SUPPLIED INFORMATION –
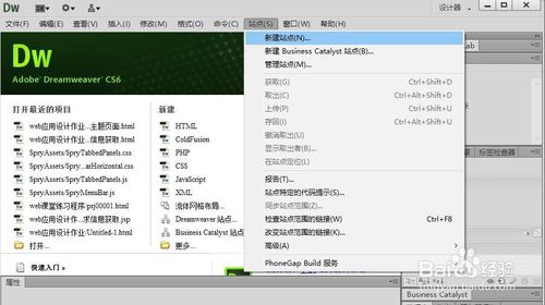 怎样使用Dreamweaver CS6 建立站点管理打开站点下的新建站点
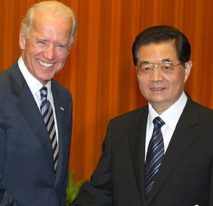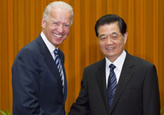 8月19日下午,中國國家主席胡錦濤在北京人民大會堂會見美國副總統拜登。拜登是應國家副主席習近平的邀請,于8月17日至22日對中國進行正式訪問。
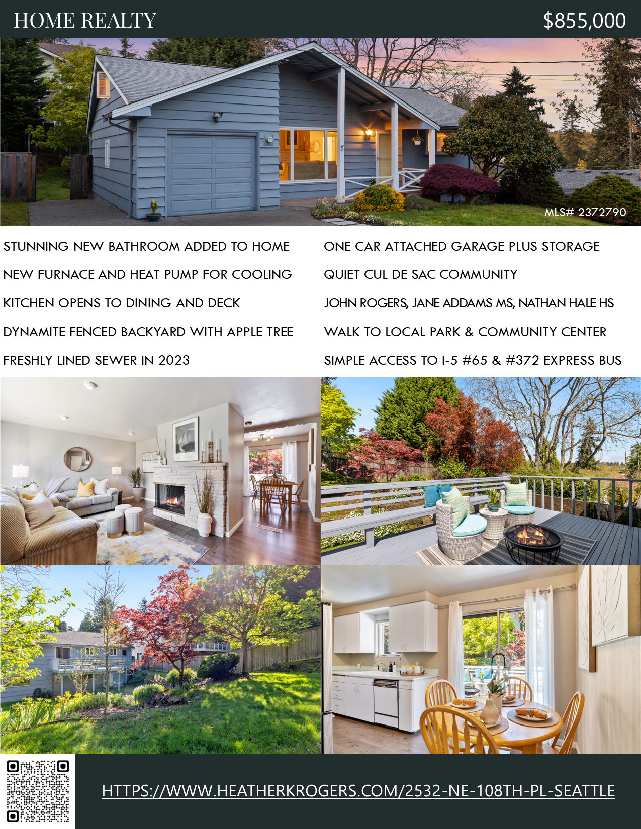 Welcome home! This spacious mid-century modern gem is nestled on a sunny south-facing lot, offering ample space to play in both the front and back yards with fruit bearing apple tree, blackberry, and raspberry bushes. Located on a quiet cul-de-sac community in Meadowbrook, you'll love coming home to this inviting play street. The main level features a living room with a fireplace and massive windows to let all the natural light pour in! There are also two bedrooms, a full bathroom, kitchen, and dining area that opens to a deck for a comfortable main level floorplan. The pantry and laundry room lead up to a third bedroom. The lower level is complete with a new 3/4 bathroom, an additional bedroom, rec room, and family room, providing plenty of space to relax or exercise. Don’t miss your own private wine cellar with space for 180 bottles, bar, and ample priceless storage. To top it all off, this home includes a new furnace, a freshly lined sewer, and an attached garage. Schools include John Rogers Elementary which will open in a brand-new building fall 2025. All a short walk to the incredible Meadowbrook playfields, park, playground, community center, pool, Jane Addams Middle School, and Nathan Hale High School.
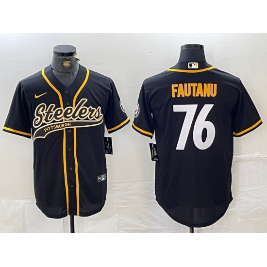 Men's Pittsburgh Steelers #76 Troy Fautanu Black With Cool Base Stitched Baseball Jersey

EXERCISE BRIEF – In the copy, include each line from the start of the material through the line with "8月19日下午,中國國家主席", word for word, but none of the pictures.

COMPLETED TASK –
 怎样使用Dreamweaver CS6 建立站点管理打开站点下的新建站点
 8月19日下午,中國國家主席胡錦濤在北京人民大會堂會見美國副總統拜登。拜登是應國家副主席習近平的邀請,于8月17日至22日對中國進行正式訪問。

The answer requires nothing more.